Long-term, this rule is not a bad one. It’s fairly innocuous, but eliminates the walk-it-up approach that allows coaches to talk to their point guards while approaching the offensive set. It will start to even out the odds so that fullcourt defenses have a chance to work against the good ball-handlers of the NBA and encourage fast breaks as a rebuttal strategy.

The Relaxation of Hand-Checking Rule

It’s not clear that the original tighter hand-checking rules made that big a difference in coaches’ strategic thinking. It’s equally unclear whether the relaxation of the rules is going to make a difference. Most likely, the hand-checking rule only changes the annoyance factor with inconsistent referee calls, which was its goal.

Summary

The league has been facing a number of problems in the last ten years that it is addressing with new rules for next year. The slow and predictable offensive styles of recent years have come out of strategic moves by coaches who know how to take advantage of the rules. The biggest thing has probably been isolation play, which takes full advantage of a required man defense. By allowing zones next year, the NBA intends to reduce the amount of isolation play and make offense more of a team game.
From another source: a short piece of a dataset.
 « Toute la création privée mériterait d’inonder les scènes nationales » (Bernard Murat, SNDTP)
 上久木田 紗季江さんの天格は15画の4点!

In this way, the rule changes appear quite beneficial.

But by allowing a lot of defensive freedom, the NBA is really accentuating the improvement of defenses observed in the last ten years. The quick defenders will still be around and so will the tight man defenses. The zones will be used lightly and primarily when they give a team another defensive benefit. The pace of the game will likely continue to be slow or even slower, at least for several years until different personnel enter the league and/or the 8-second halfcourt rule plays a bigger role.
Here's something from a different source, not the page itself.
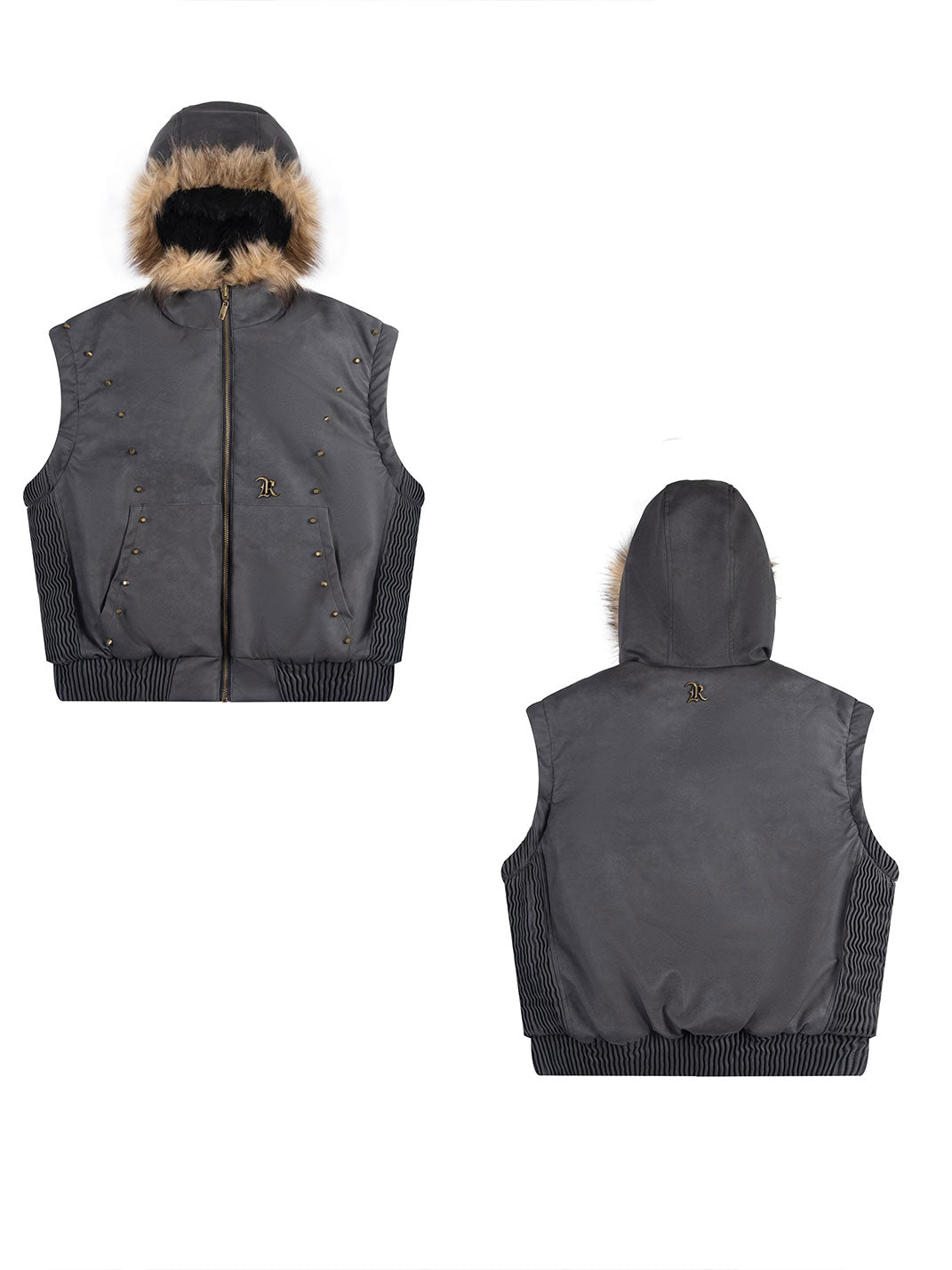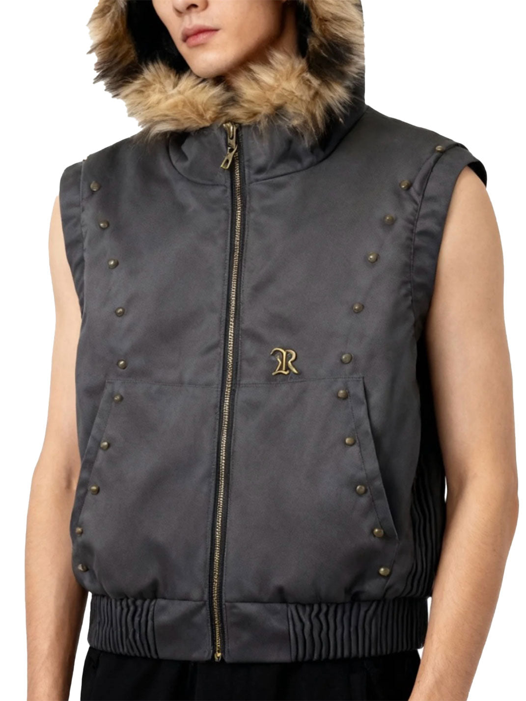 REGEN ZONE | Raven Studded Reversible Leather & Fur Moto Puffer

Longterm effects of the changes may be beneficial – if the league indeed allows the changes to exist for several years. (I don’t believe the league has openly committed several years to making the rules work. Unless that commitment is there, initial problems in adapting to rules could scare officials into rescinding them.) After several years, "zone type" personnel who can shoot and may have less mobility will enter the league, making offense stronger and defense weaker. Teams may try to push the ball upcourt to prevent a zone from getting set, but this seems very unlikely until zones are actually used more extensively.

It is not clear how the defensive 3-second rule will be called. If it becomes just another annoying illegal defense call when double-teaming a scorer down low, it may neutralize some of the variety encouraged by the zone rules.

Finally, it appears that one of the NBA’s biggest problems is the decline of the layup due to the "No layup" rule used by many coaches. This already limits off-the-ball cuts to the basket and fast breaks because players are much more likely to get fouled hard and, as a natural consequence, to miss more layups (either from fear or from increased missed calls). None of the rule changes appears to address this problem.